I'd still try to secretly record him when he's making threats and acting insane, in case anything happens, you have proof of his anger an instability.
Though making threats is enough for you to call the cops on him, just have evidence. It that happens enough times, they will arrest him, otherwise they could be held accountable in not acting beforehand if he does attack you/someone at some later point. But of course, be aware of your safety.
He just thinks he's right a bit too often, like one night, we got into an argument simply because he assumed I yelled, had no proof and said he saw me yelling, when I wasn't, and of course eventually he got louder and yelled himself.
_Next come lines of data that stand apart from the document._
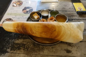 テーブルを覆う巨大ドーサ@南インド料理店 ボーディセナ
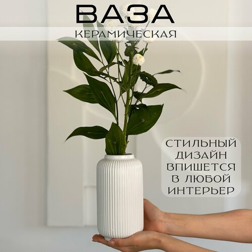 "Ваза для цветов AM Home Decor" - керамическая белая ваза для...
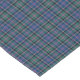 Table runner with a green, blue, black, Scottish tartan, with bright lavender and red highlights. Traditional Clan Cooper family plaid pattern from 1786.
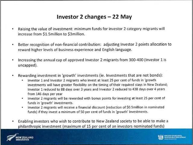 新西兰移民局在2016年12月初公布了关于投资移民新西兰的新政策,该政策将于2017年5月22日开始正式实施。新政策主要调整了二类投资移民新西兰的相关标准,其中最为引人注目的是对于投资二类的资金门槛要求从原来的150万纽币起,大幅上升到300万纽币起;申请配额从每年300个增加至每年400个;同时对新西兰有益的『增长型投资』新西兰移民局将『热烈欢迎』并给予额外的加分。
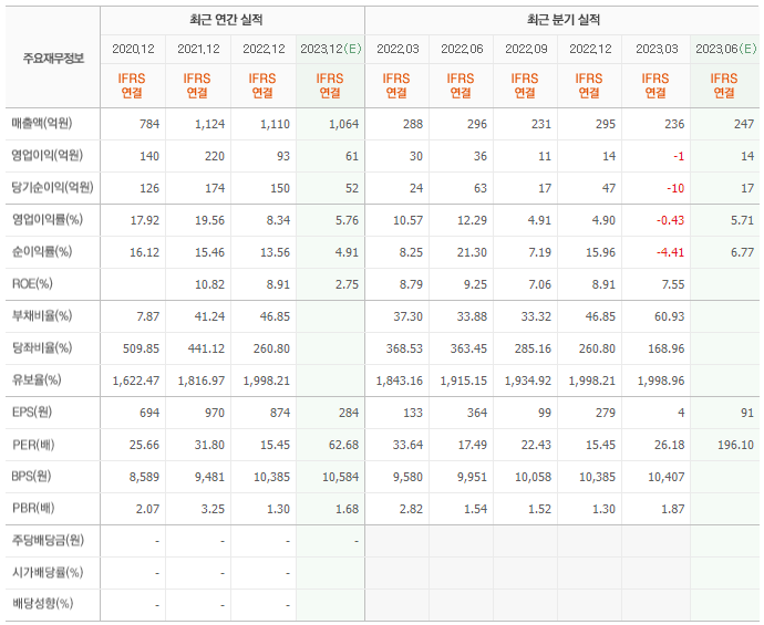 2022년 매출은 1110억, 영업이익은 93억, 당기순이익은 150억입니다. 그리고 영업이익률은 8.34%입니다.
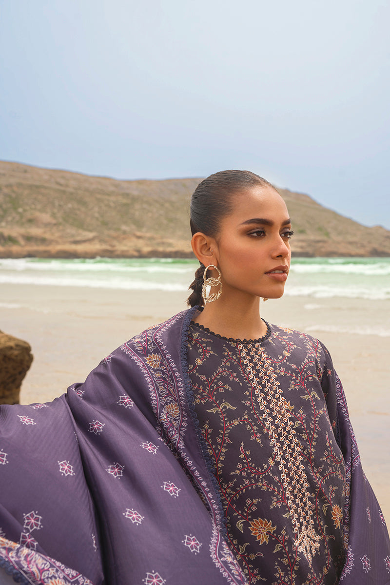 Our PASHMINA BLEND-3PC SATIN PRINTED SUIT combines the luxurious look of cotton satin with intricate embroidery and digital printing. The 100% cotton satin shirt features a beautiful embroidered neckline, while the dyed cambric trouser and digital printed shawl complete the stunning ensemble. Enhance any wardrobe with this exquisite and contemporary set.
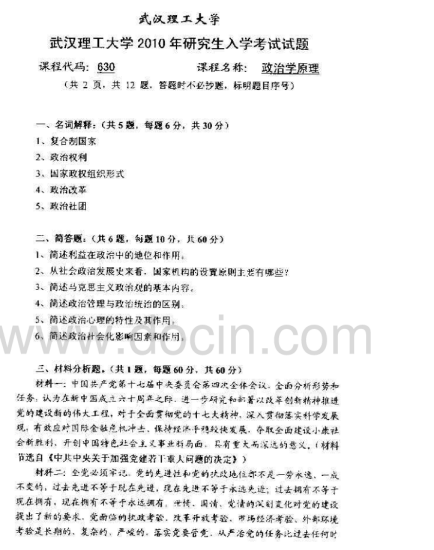 2020-2021年武汉理工考研辅导班:武汉理工大学630政治学原理2010考研真题
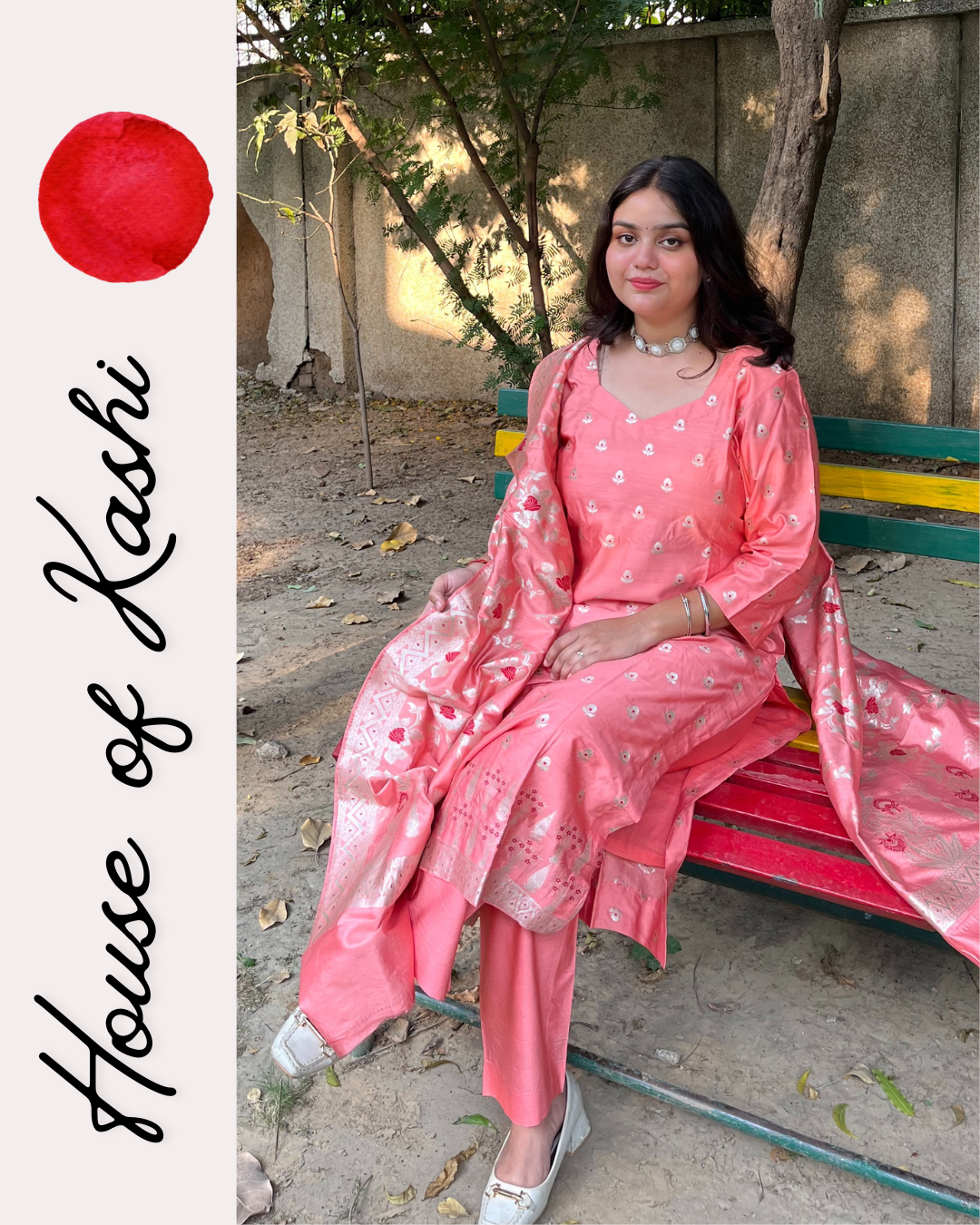 Coral Pink Banarasi Silk Kurta Set with Dupatta for Women | Elegant Festive & Wedding Wear
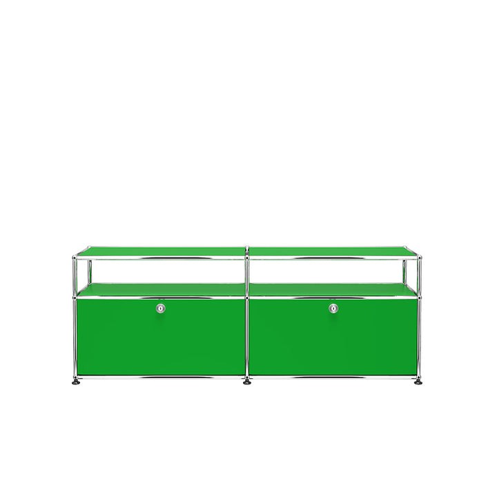 Meuble bas composé de 4 modules dont 2 ouverts et 2 équipés de portes abattantes (poignées sans serrure).
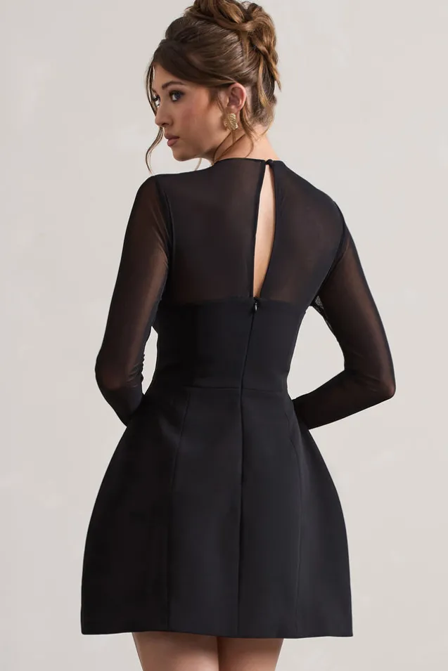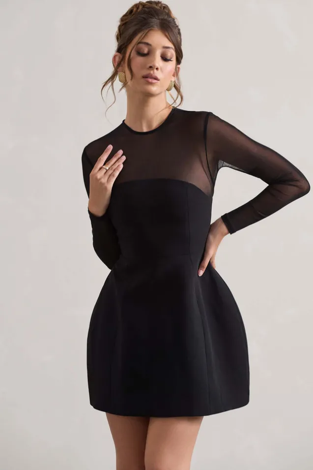 Austen | Black Mesh Long-Sleeve Mini Dress
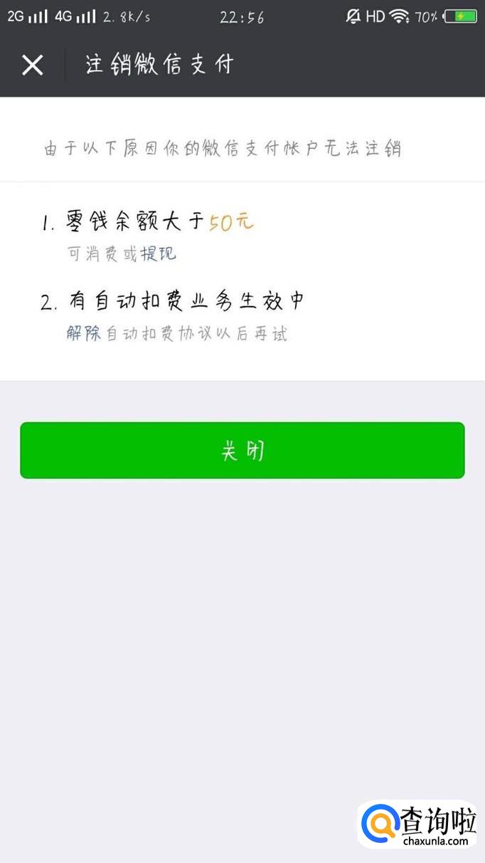 在“支付管理”页面,点击“注销微信支付”,进入下一页面,点击“关闭”即可,如图所示。

I feel like some days are cool, in which I can even get along with him somewhat, other days are simply hell incarnate where he's just irritable at everything.
I understand, the dude's been through some shit, friends have died, dad would throw shit, I get that. At some point he just needs to look at himself and realize he needs to calm down. One day he's going to say something to the wrong person and they will legitimately beat the **** out of him.
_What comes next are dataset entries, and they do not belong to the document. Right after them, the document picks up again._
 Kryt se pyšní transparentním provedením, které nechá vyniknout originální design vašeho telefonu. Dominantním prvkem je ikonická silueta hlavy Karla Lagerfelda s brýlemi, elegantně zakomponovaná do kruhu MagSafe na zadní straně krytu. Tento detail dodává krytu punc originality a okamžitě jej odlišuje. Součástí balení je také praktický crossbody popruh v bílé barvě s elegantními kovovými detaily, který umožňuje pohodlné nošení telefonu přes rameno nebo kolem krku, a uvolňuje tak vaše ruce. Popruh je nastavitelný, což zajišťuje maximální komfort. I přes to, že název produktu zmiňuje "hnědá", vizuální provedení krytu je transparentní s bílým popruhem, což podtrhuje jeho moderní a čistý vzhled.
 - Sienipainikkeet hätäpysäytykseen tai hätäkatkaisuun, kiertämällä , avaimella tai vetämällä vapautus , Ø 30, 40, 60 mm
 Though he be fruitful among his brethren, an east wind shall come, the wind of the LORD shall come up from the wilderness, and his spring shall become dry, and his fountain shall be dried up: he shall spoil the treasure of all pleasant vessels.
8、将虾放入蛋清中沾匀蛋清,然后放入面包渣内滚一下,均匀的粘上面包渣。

Where do you live? How old are you now? You sound young.
Getting beaten as a kid is normal, don't let that phase you. You need to find a positive role model that's male in your life. You need to find a social worker that you can talk to to figure out what to do next. Social workers are free unless you live in some third world country? Education is the most important thing you can give yourself, it will give you the power to control your life the way you see fit. You need guidance it seems.. Go to a community centre or neighborhood centre and ask if they have a community social worker. Start saving up money to escape and move out.
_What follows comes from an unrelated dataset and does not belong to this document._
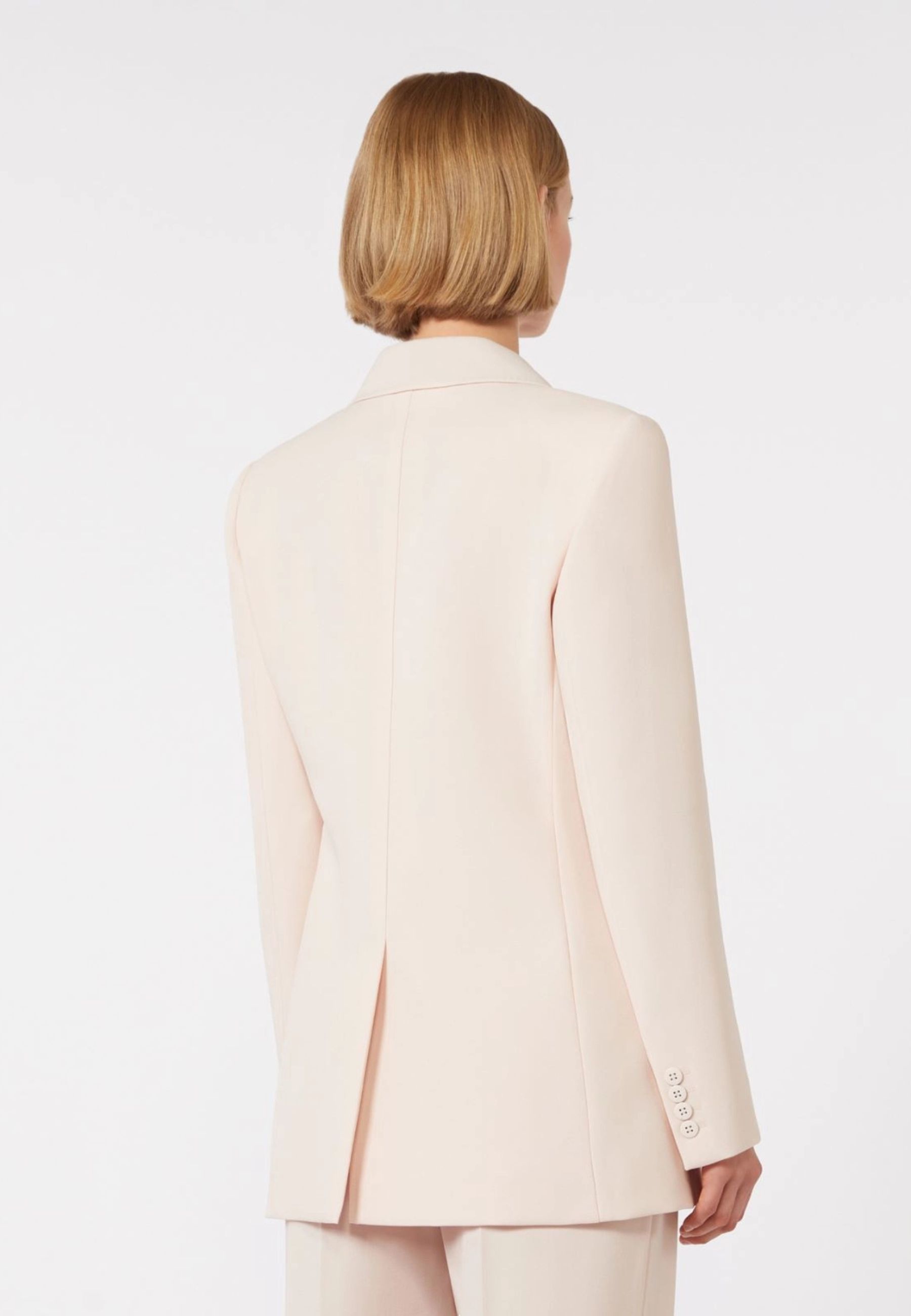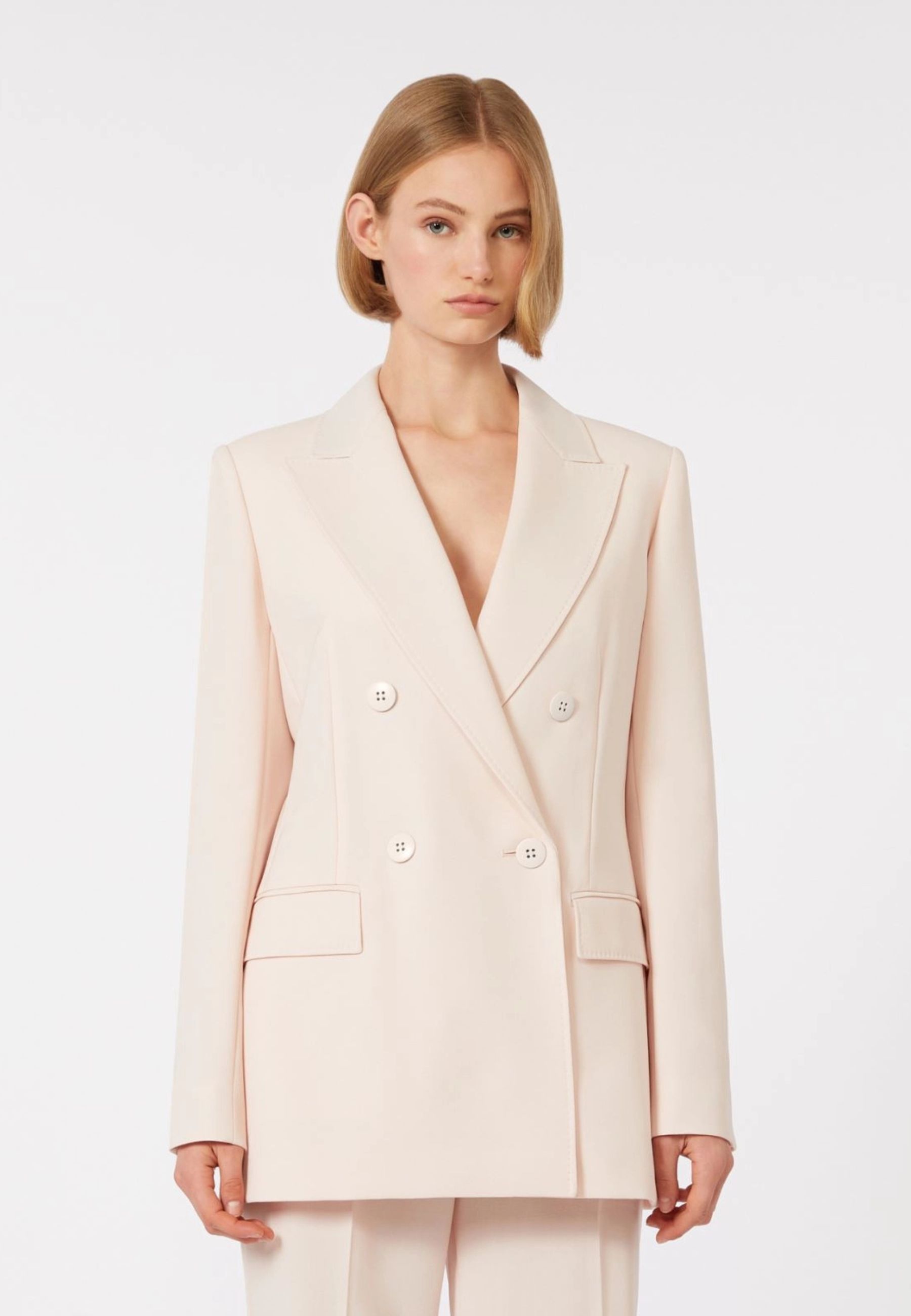 Il design presenta un raffinato collo a rever a lancia e una linea sfiancata che valorizza la figura. La chiusura frontale doppiopetto con bottoni a vista richiama leleganza del tailoring classico, mentre le tasche a filetto con patta applicata sul davanti completano il modello con un dettaglio funzionale e sofisticato. Sul retro è presente uno spacco centrale che garantisce maggiore libertà di movimento. Il blazer è completamente foderato per assicurare una vestibilità confortevole e una struttura impeccabile.

I'm sorry you seem to come from a fairytale land where parents dont discipline their kids. Depends on the degree of what is being donedone to you? How old are you Jman
Er, first off, you don't discipline someone elses kids... ever...
I don't care how angry they are, and I'm sorry, even if they killed your pet cat or something, you damn sure don't have the right to hit them. If I started dating a girl and I found out she had hit one of my children, I've never hit a woman but I would smack the **** out of that girl and throw her out of my apartment/house. Damn that, I went through hell for years just for doing the tiniest things.
Secondly, if you are gonna discipline your kids, you do not ever use a closed fist, and you don't hit them as hard you can unless it's serious, and they're old enough to be hit like that.
For real, one time when I was 9, I made a bird noise, right? Thats it, I made a noise at his pet bird.
He tried to hit me for that, punch me, actually, and my mom was holding him back, so since he couldn't hit me cause my mom was in the way, he threw water in my face.
Apparently he was mad cause I "made fun of his pet bird".
Was also swung around a room, and then literally thrown against a wall cause me and my little brother were play-fighting.
He also screamed angrily for hours like a madman because I (using MY money) wouldn't buy him food. I bought myself a calzone and something else, and he was absolutely ****ing LIVID that I didn't get him anything, even after I offered to let him eat the thing I bought exclusively for myself, he still went ballistic. He walked into our bathroom and started screaming like a crazy person, and I mean SCREAMING, he was going absolutely apeshit crazy. (It's worth mentioning he apologized, but only because my mom forced him to)
Is it bad that I actually legitimately sometimes wish I could?
Like no joke I've had dreams where I've joked him to death.
I do get afraid that one day I will snap and actually legitimately kill him and go to prison.
He just doesn't know when to shut up, he talks about everyone behind their backs too, my grandmother, my sister, my, my brother, my mom to her face but also behind her back, our whole family.
He believes we're weirdos because of the way we live, and honestly we live relatively normal, he is obsessed with appearing tough and dominant.
But honestly, I feel like he has severe bipolar disorder, in all honesty.